Litigation and investigations create angst for business executives because of how they impact the bottom-line. In large part, this comes from the cost and time required to analyze data during discovery—a process known as document review—which often takes up most of the discovery budget. However, a spectrum of tools exists that accelerates document review, significantly reducing cost and time by as much as 70 percent to 80 percent. As a result, it is important to consider this spectrum before deciding how to conduct a review.

For now, the spectrum includes:

  • Email threading
  • Enhanced linear review
  • Clustering
  • Technology-assisted review

In this article, we will discuss this spectrum of solutions, explain their ideal use-cases, and identify the strengths and weaknesses for each approach.

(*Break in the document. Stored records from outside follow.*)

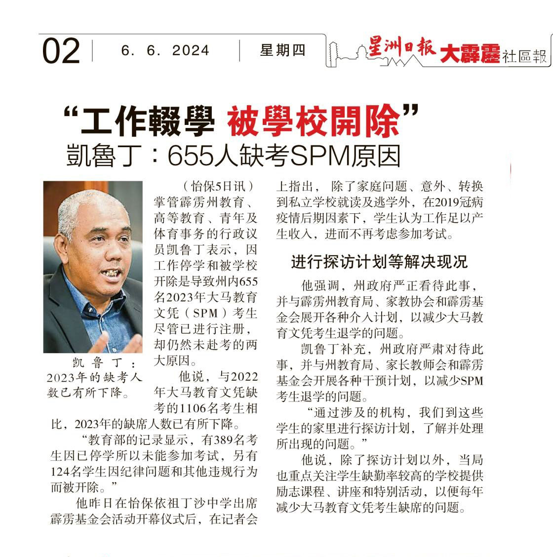 "工作辍学 被学校开除“ 凯鲁丁:655人缺考SPM原因 WhatsApp 上一篇文章: 柔培才华小23日开课 黄家和:首批料273人入学 上一页 下一篇文章: 槟城 11华中董事会家协联署 促撤强制开国语数理班 下一页
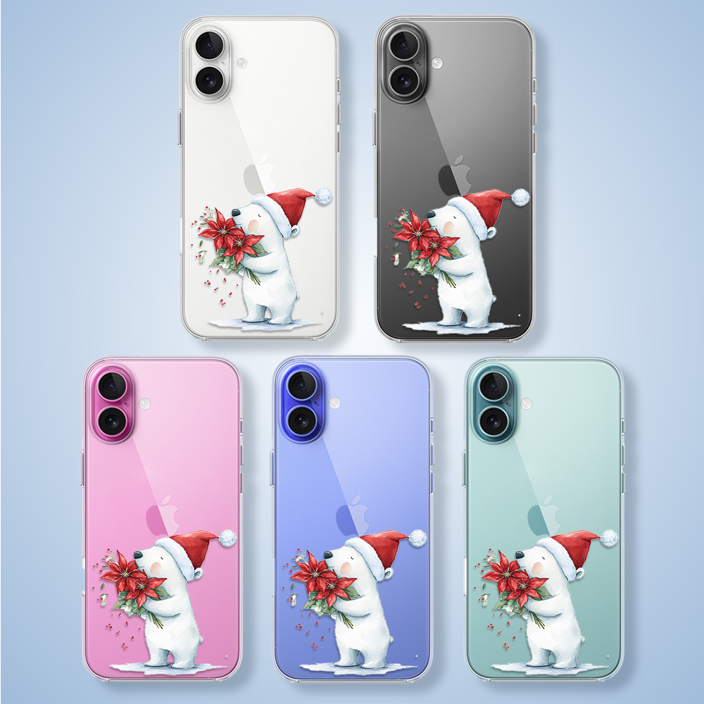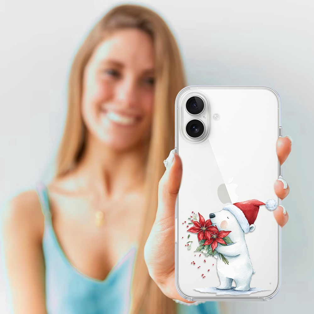 Etuitelefon.pl > Akcesoria do iphone 16 plus > Etui iphone 16 plus > Etui do iphone 16 plus, przytulne święta, miś świąteczny, przeźroczyste
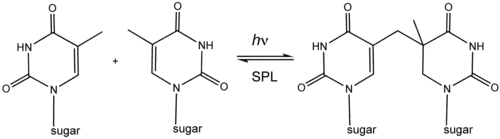 Spore photoproduct lyase is part of one of two main pathways which are used to repair cross linked 5-thyminyl-5,6-dihydrothymine caused by UV radiation: the spore-specific DNA repair system (which utilizes spore photoproduct lyase), and the general nucleotide excision repair pathway (NER).[7][8] The spore-specific DNA repair system is specific to SP, whereas the NER is able to repair other types of thymine dimers, such as CPDs and 6-4PPs.[7] Spores exhibit high UV susceptibility only when both repair pathways are compromised.[7]
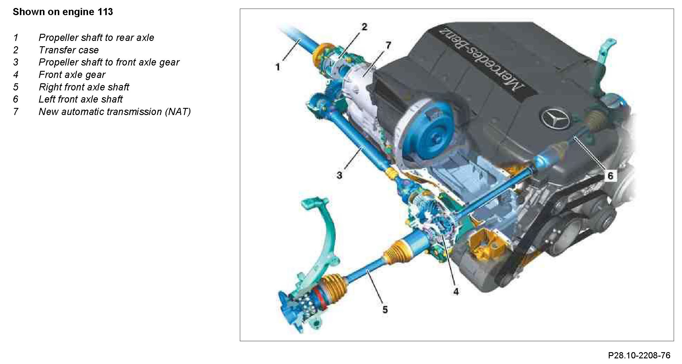 Vehicles with 4MATIC feature permanent all-wheel drive. The drive torque is distributed to the drive axles via a one-stage transfer case (2) without off-road ratio.
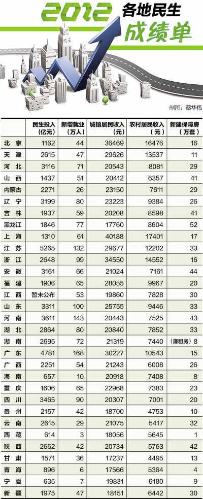 数据表明,2012年,全国31个省(区)市的财政支出中,民生支出普遍增长,且多数地方占到了当地公共财政支出的50%以上。

The old-school way of reviewing documents was linear,  looking at each document to assess it for relevance and privilege. This approach made sense because the cost and time it took to assess each document seemed justified by the risks it was perceived to manage. With the creation of computers, PDAs and other methods for conducting business electronically, the sheer volume of potentially-relevant information in most cases has made this manner of review ineffective. In addition, the solutions addressed herein have also made this manner of reviewing documents passé.

Most employees communicate electronically, making email a significant category of ‘documents’ in litigation. In addition, email conversations are often repetitive. As a result, the first thing to do to accelerate review is identify these redundant emails and tag them. This is done by a process called email threading whereby emails within a conversation are grouped and only the most inclusive email is reviewed. This entire thread of emails is then tagged consistently across the conversation. As a result, both the time needed to review this category of documents and its costs are reduced, sometimes by as much as 50 percent. Email threading can also be used with other technologies to accelerate the document review process further, particularly in cases that have other language redundancies as described below.

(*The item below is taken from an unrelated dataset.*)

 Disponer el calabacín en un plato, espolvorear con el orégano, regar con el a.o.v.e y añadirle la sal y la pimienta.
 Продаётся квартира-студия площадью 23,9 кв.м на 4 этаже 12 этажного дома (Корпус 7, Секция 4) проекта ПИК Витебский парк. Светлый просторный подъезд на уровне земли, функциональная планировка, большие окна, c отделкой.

An option that recognizes this is enhanced linear review. This solution presents documents to reviewers electronically, making it much easier to identifying redundancy in them. A number of solutions offer this feature, but a few are more intuitive than others. Hence, the time required to train your reviewers and get them started is minimal.

Another way of accelerating document review is by clustering technology. This process uses text analytics to index all of the words in the data set and then assess the frequency with which these words appear. The system makes another assessment of the proximity that these words appear next to each other and uses both of these measures to determine the relevance of the documents to rank them in clusters. It then derives labels based on the predominant key words within each grouping.

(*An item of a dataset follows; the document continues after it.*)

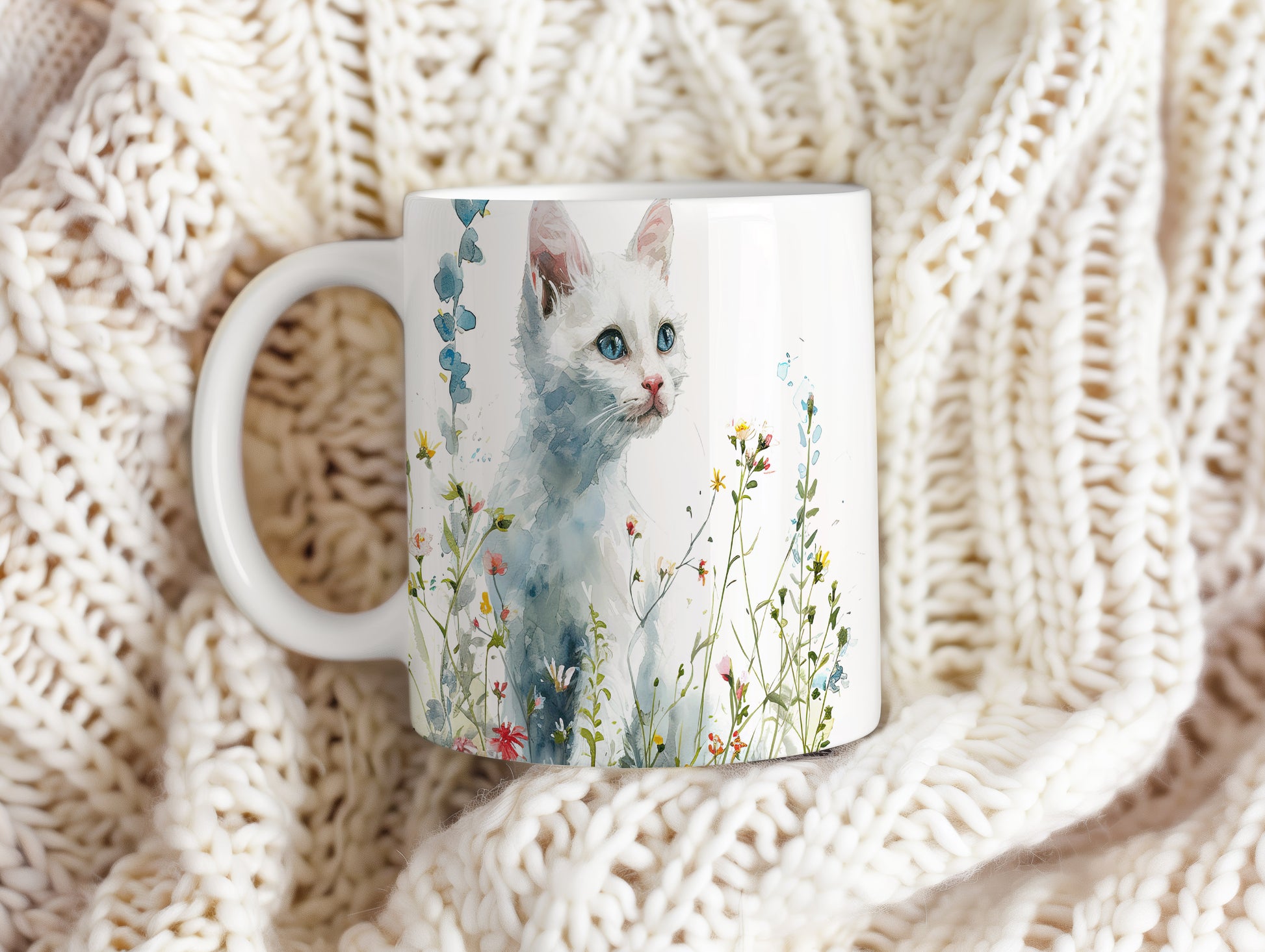 Hrnek s bílou kočkou v květinách

One key benefit of clustering is that it organizes the data set objectively, without preconceptions, which is helpful in exposing unexpected information that can help or hurt a case. This factor is particularly helpful when reviewing production sets since it can give you a much quicker idea of what the opposing party has produced to you.

Last, but not least, is technology-assisted review (TAR). We have read a great deal about how TAR can hyper-accelerate document review, particularly in cases that involve a significant amount of data, require document review to be completed quickly or both.

The two categories of TAR include artificial intelligence-based TAR and language-based TAR. The most significant benefit of these approaches is to hyper-accelerate review, saving a great deal of time and money relative to linear review. To determine which approach is most appealing depends on the time available to train the application, and the need for transparency across the process.

Since artificial intelligence-based TAR identifies relevant documents by computer, its ability to understand context is driven by the information provided to it. Hence, greater attention should be given to the training set used to identify these documents. Generally, this means that enough time must exist to read about 10,000 documents to train the system.

Conversely, if the data set contains complex semantic patterns, use language-based TAR. Because it leverages human decision-making rather than a computer to identify relevant documents, this language-based approach is better able to recognize these semantic patterns and how they can contain relevant information. This process also provides greater transparency because the decisions are made by humans rather than by an artificial intelligence system. Lastly, language-based TAR is also preferable when the re-use of the decisions made in the initial review could be used across subsequent, similar matters to further expedite the review process.

A best practice to accelerate document review is to include the entire spectrum in your toolkit. Few cases are similar enough in volume, data type and the like to justify always relying on one approach. As a consequence, make it a practice to consider these options with each case. Lastly, include a document review expert to facilitate this analysis who is also tasked with documenting the decision-making process, as well. Each of these steps will enhance the likelihood that the document review is a time and cost-effective as it can possibly be.